YOUR TASK: Print word for word the first line of the listing below and every line after it, through the line with "Strategic Personnel and". Leave out the pictures and the rest.

MATERIAL PROVIDED:
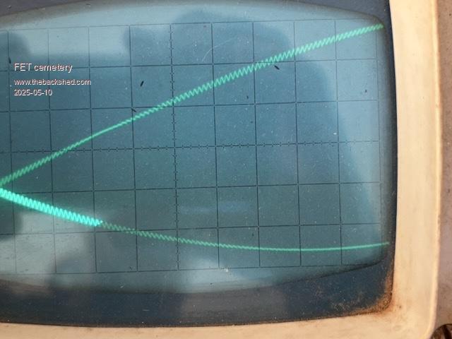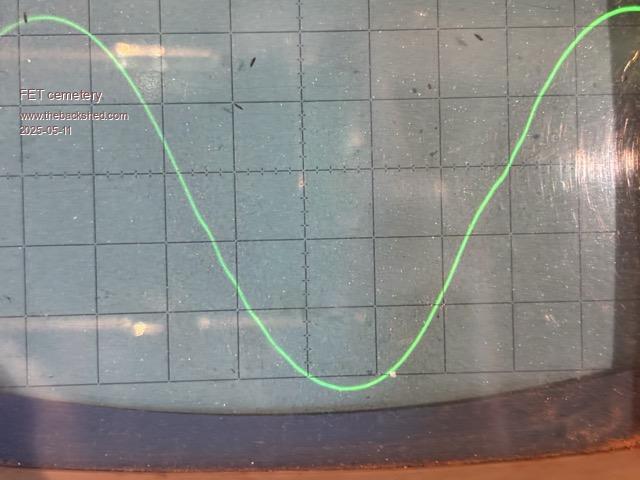 The original scope pic from the bench test, right way up. You have to squint to see it but there's a tiny kink in the waveform after the zero crossing.
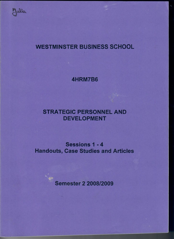 Strategic Personnel and Development, Westminster Business School, contine cateva sublinieri, format A4
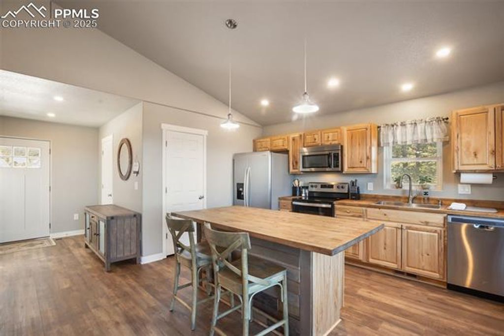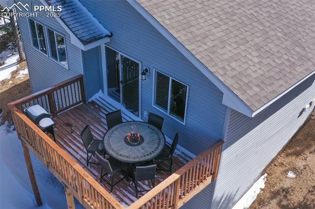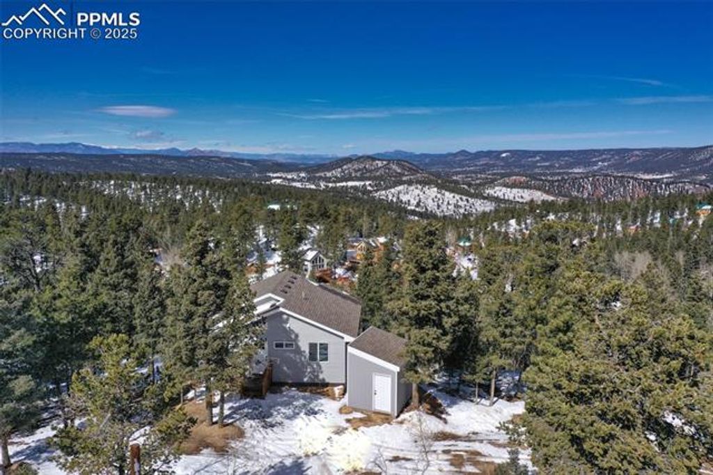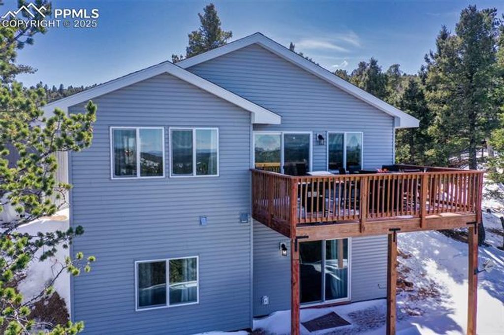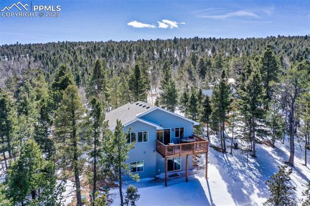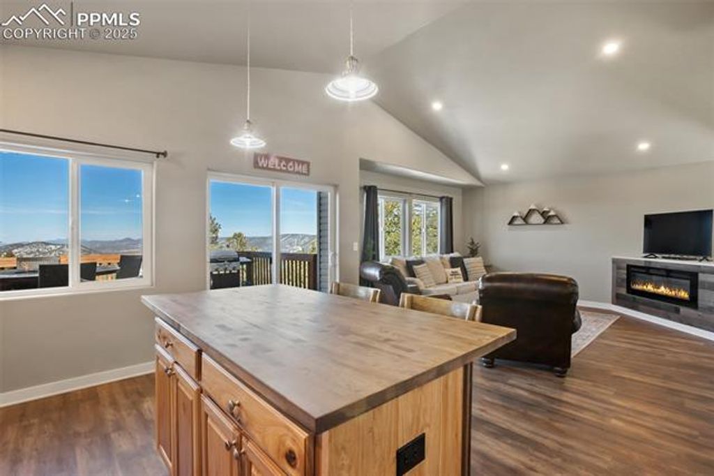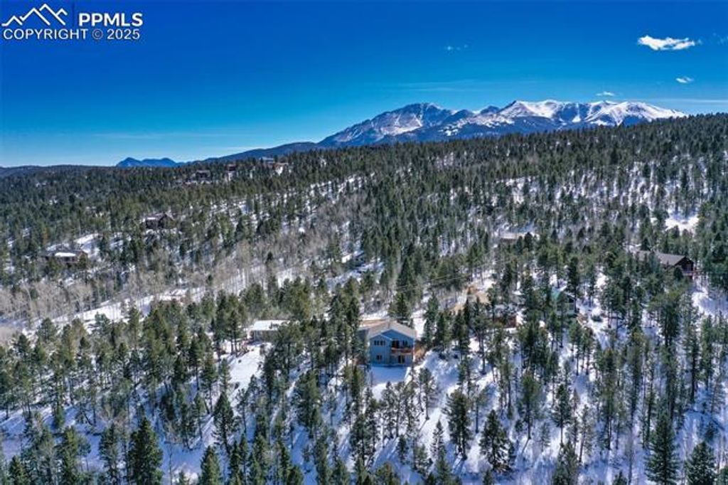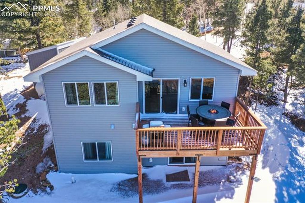 One owner home in pristine condition, and perched overlooking 180 degree views to the North of Mt. Blue Sky, the Continental Divide Western sunsets, and Rampart Range to the Northeast. Located just 10 minutes from downtown Woodland Park, this beautiful home sits on .6 acres of land. Main level living space includes an open concept with vaulted ceilings featuring an electric fireplace framed-in by shiplap, and views from the rear deck. The upscale kitchen with center island and counter-bar seating are featured in butcher block countertops, including stainless steel appliances and a walk-in pantry. Additionally, a full bathroom on this floor to service your needs. Venturing to the lower level, the owners suite includes a walk-in closet and has a walkout glass door to the yard. A second bedroom included on this floor, and both are serviced by an additional full bathroom. Laundry room is located in the storage/utility room. This home has been used as a successful short term rental and can be sold turnkey.

SOLUTION TO THE EXERCISE:
 The original scope pic from the bench test, right way up. You have to squint to see it but there's a tiny kink in the waveform after the zero crossing.
 Strategic Personnel and Development, Westminster Business School, contine cateva sublinieri, format A4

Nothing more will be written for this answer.